Top of EXTRACTED MATERIAL
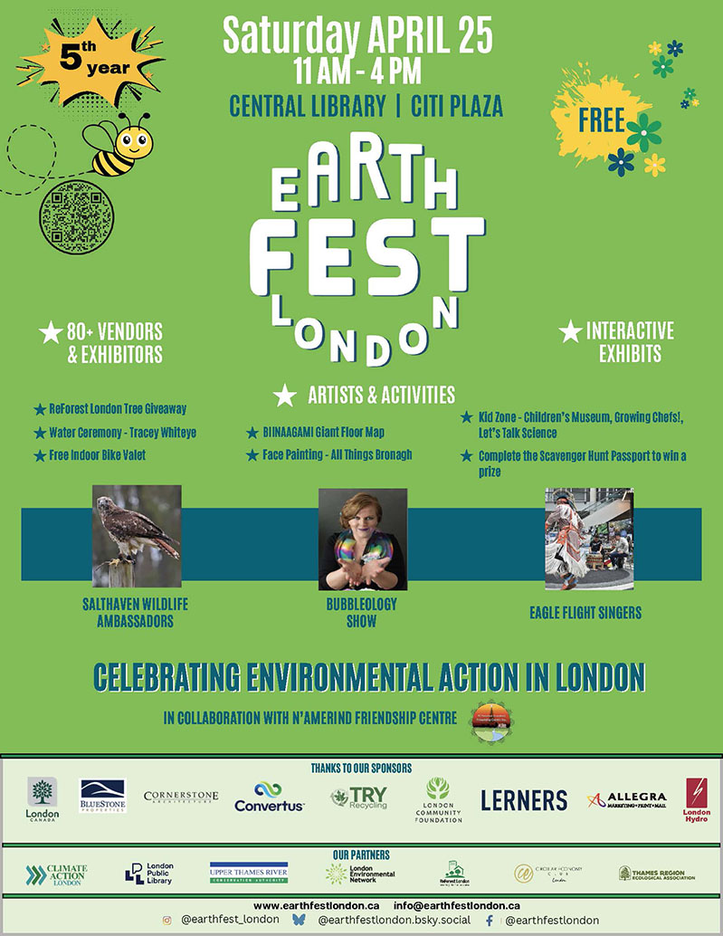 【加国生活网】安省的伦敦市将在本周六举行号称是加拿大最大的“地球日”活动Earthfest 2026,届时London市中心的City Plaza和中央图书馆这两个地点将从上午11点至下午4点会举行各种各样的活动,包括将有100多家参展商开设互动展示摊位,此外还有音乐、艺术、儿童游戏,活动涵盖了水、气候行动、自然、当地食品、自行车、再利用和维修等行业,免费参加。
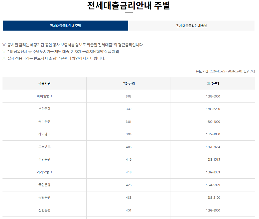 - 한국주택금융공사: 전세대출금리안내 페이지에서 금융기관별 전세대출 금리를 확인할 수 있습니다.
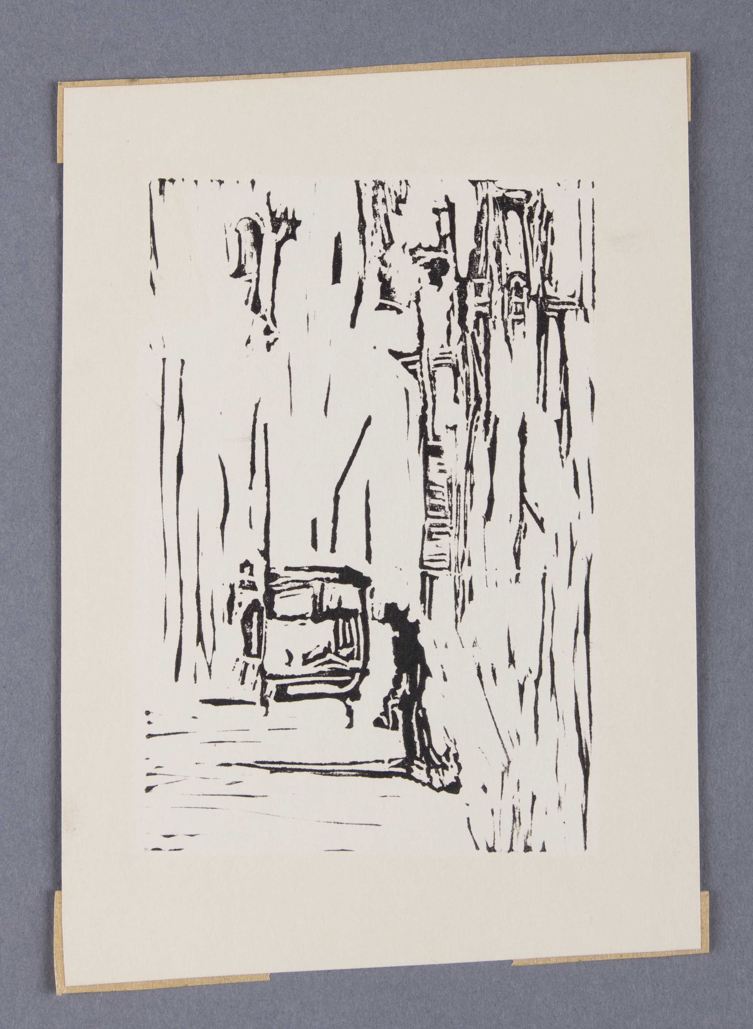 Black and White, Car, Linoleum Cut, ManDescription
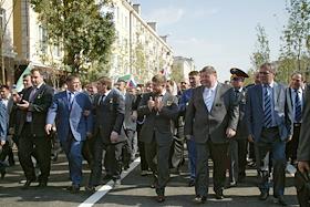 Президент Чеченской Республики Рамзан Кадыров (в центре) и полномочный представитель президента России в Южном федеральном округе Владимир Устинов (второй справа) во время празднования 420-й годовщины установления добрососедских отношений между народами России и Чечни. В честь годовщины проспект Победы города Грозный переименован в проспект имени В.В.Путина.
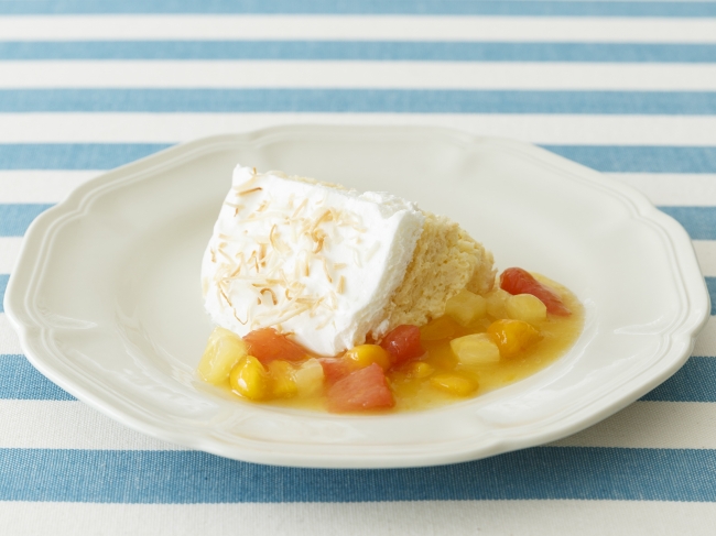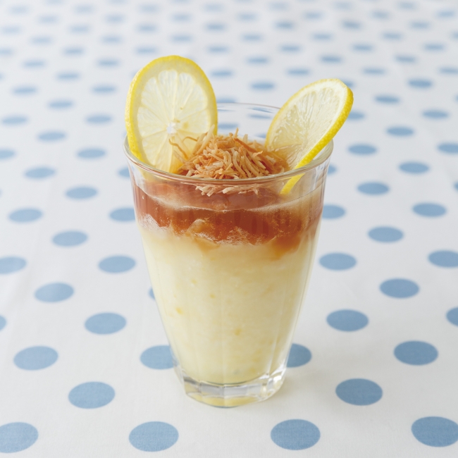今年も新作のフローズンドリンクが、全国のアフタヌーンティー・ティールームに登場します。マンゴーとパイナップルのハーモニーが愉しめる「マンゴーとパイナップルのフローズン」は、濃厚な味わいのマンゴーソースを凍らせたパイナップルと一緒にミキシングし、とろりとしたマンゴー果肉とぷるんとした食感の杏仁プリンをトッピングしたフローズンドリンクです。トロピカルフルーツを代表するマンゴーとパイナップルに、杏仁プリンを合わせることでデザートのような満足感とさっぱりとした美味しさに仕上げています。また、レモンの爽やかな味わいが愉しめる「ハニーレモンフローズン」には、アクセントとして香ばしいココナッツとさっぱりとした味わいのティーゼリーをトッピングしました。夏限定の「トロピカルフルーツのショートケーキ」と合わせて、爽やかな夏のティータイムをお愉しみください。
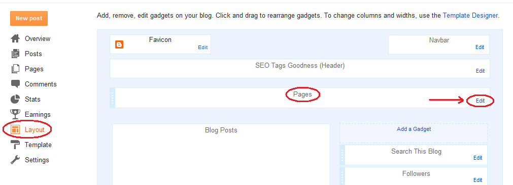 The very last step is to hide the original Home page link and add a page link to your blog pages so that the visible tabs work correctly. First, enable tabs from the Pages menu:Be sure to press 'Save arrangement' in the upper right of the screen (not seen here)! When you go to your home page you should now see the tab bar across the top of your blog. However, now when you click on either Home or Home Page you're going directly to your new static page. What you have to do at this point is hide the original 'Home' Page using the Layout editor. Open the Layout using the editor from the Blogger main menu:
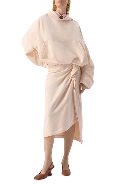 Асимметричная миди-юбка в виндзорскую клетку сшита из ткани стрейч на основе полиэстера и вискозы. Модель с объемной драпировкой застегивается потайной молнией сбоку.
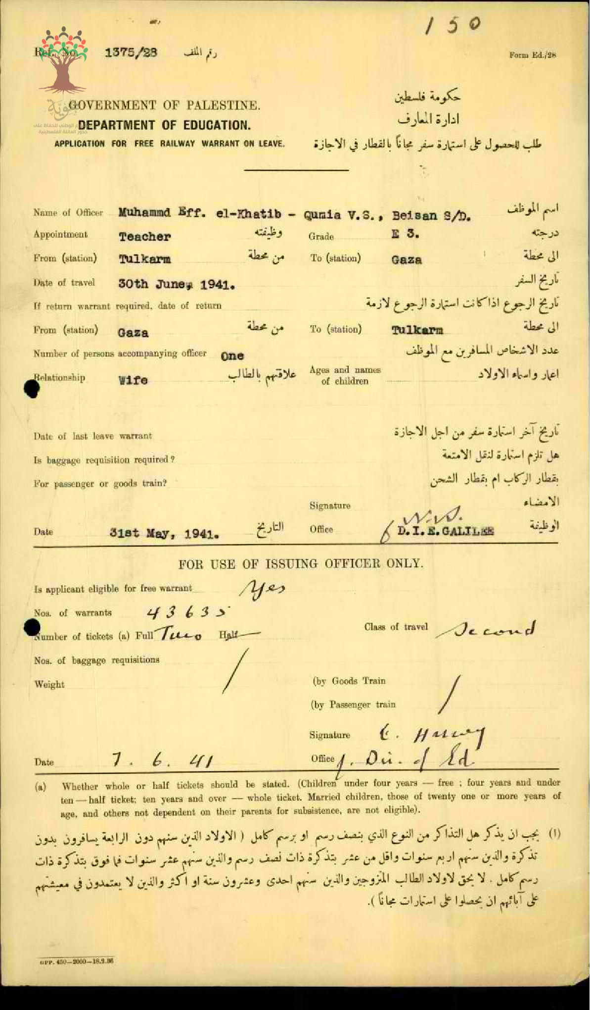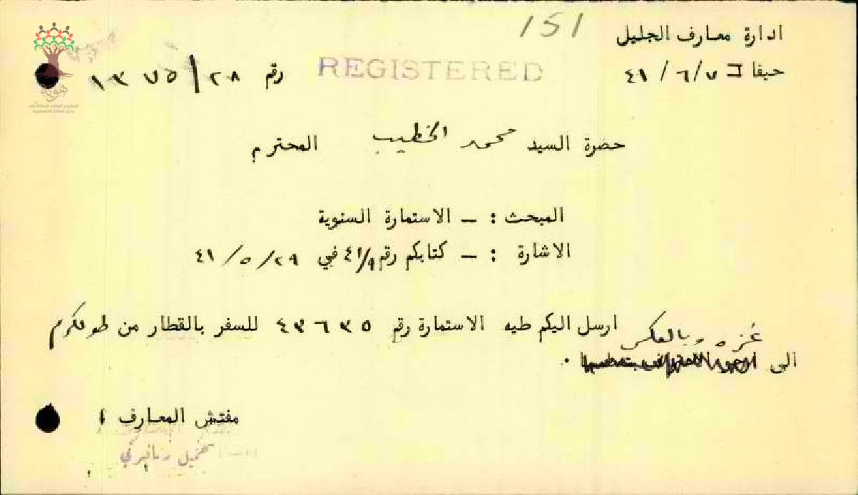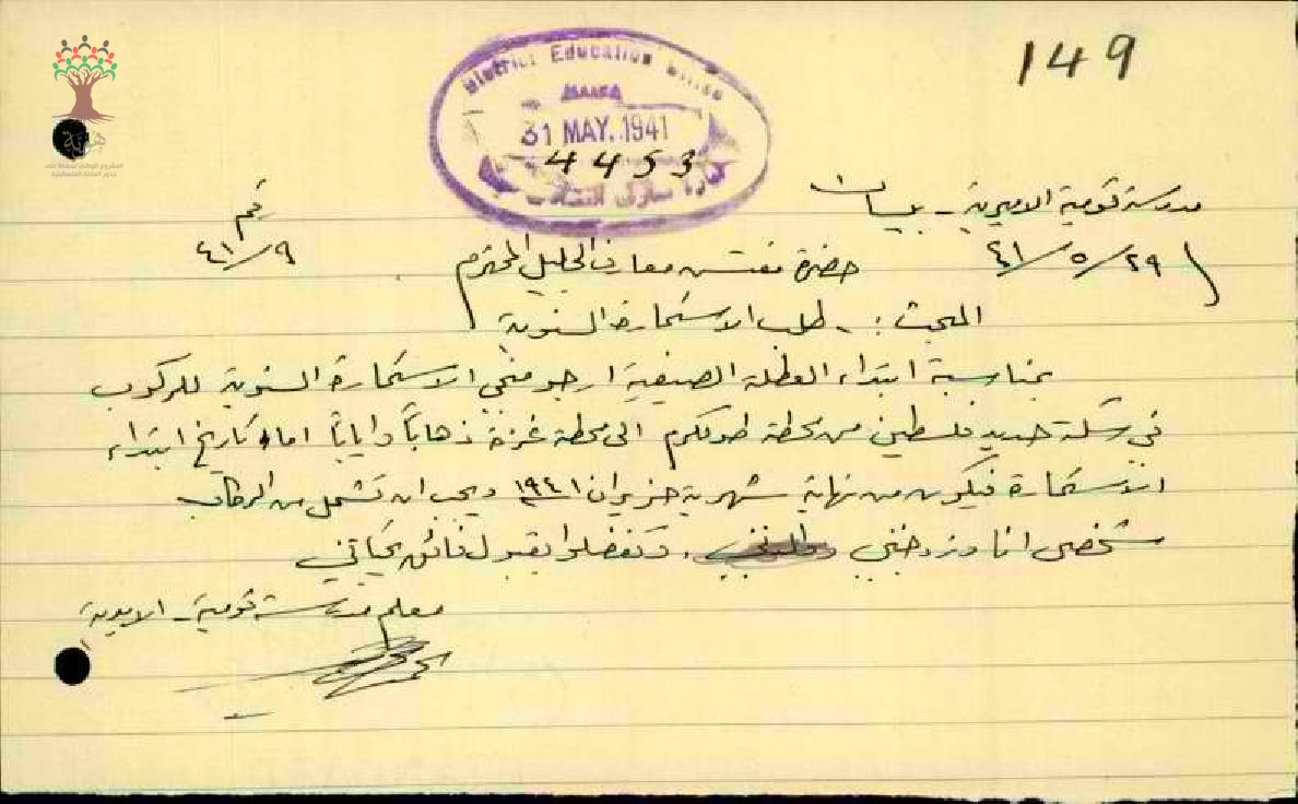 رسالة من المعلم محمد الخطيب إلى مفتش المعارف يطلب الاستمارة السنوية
Bottom of EXTRACTED MATERIAL
EXERCISE PROMPT:
Taking the entries above, extract every line from the one bearing "Президент Чеченской Республики" through the one bearing "今年も新作のフローズンドリン", exactly, with no pictures.

SOLUTION FOR THIS PROBLEM:
 Президент Чеченской Республики Рамзан Кадыров (в центре) и полномочный представитель президента России в Южном федеральном округе Владимир Устинов (второй справа) во время празднования 420-й годовщины установления добрососедских отношений между народами России и Чечни. В честь годовщины проспект Победы города Грозный переименован в проспект имени В.В.Путина.
今年も新作のフローズンドリンクが、全国のアフタヌーンティー・ティールームに登場します。マンゴーとパイナップルのハーモニーが愉しめる「マンゴーとパイナップルのフローズン」は、濃厚な味わいのマンゴーソースを凍らせたパイナップルと一緒にミキシングし、とろりとしたマンゴー果肉とぷるんとした食感の杏仁プリンをトッピングしたフローズンドリンクです。トロピカルフルーツを代表するマンゴーとパイナップルに、杏仁プリンを合わせることでデザートのような満足感とさっぱりとした美味しさに仕上げています。また、レモンの爽やかな味わいが愉しめる「ハニーレモンフローズン」には、アクセントとして香ばしいココナッツとさっぱりとした味わいのティーゼリーをトッピングしました。夏限定の「トロピカルフルーツのショートケーキ」と合わせて、爽やかな夏のティータイムをお愉しみください。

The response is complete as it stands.